İtiraf ediyorum ! 20 yıllık yaşam sürecim iki saat önceye kadar bir an olsun şöyle bir 10 dakkacık bile olsun Cem Yılmaz izlememiştim. Arkadaşlarım anlam veremediğim cümleler söylediler ağızları kulaklarında, kibarlık ettim gülümsedim yıllarca. Ama hep anladılar... İzlememişsin dediler.. Kınadılar.. Ve sonunda artık ben de tarikatın bir üyesiyim ! Daha yeniyim henüz karnım ağrımadı gülmekten ama güldüm, baya sesli güldüm. Babam geldi kızım hayırdır dedi oturdu izledi gitti. Ailecek alışık değiliz biz böyle şeylere. İlkinde ağır gelmesin birden dedim mola dedi bıraktım devamı yarın.
İlk defa bunu yapan kişi ben olmak istiyorum : Kaynım bana kaydıııı.
Ama şu an şahsi favorim : Leeeeet the sunshinee leet the sunshine IN !
Peki neden yaz gecesi ruhu?
Gece, günün en büyülü saatleri değil midir?
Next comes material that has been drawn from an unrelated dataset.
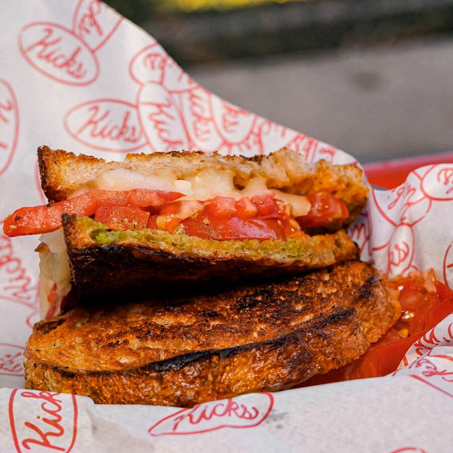 Pan brioche relleno de queso mozzarella, tomate bola, pesto de albahaca, arúgula y queso parmesano.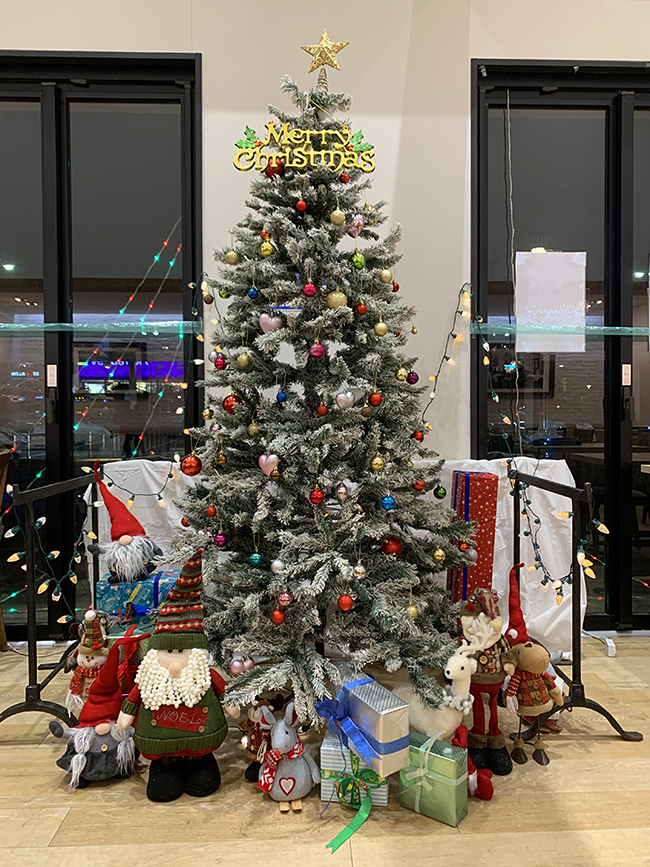 東京テレポート駅地上の観光案内所「お台場SKYツーリストインフォメーション」に飾られたツリーがお出迎え。

Gündüzün kaosundan sıyrıldığın, kendinle baş başa kaldığın, maskelerini indirme şansına sahip olduğun, kalabalıklarından arındığın saatler.
Her şeyi yapabilirmiş, herkese ulaşabilirmiş gibi hissettiğin, varolmaktan en çok keyif aldığın dakikalar.
Kendi dünyanda ördüğün ince bir duvarın ardında gerçek dünyayı kısa bir süre için geride bıraktığın, yalnız kalabildiğin, dünyanın aslında sadece sen olduğunu en iyi anladığın saniyeler.
Bu büyülü araf en çok da yazın bulur beni. Bu blog da bir yaz gecesi doğmadı mı zaten?
Şimdi söyle, yaz gecesi ruhunu sen de hissetmedin mi hiç?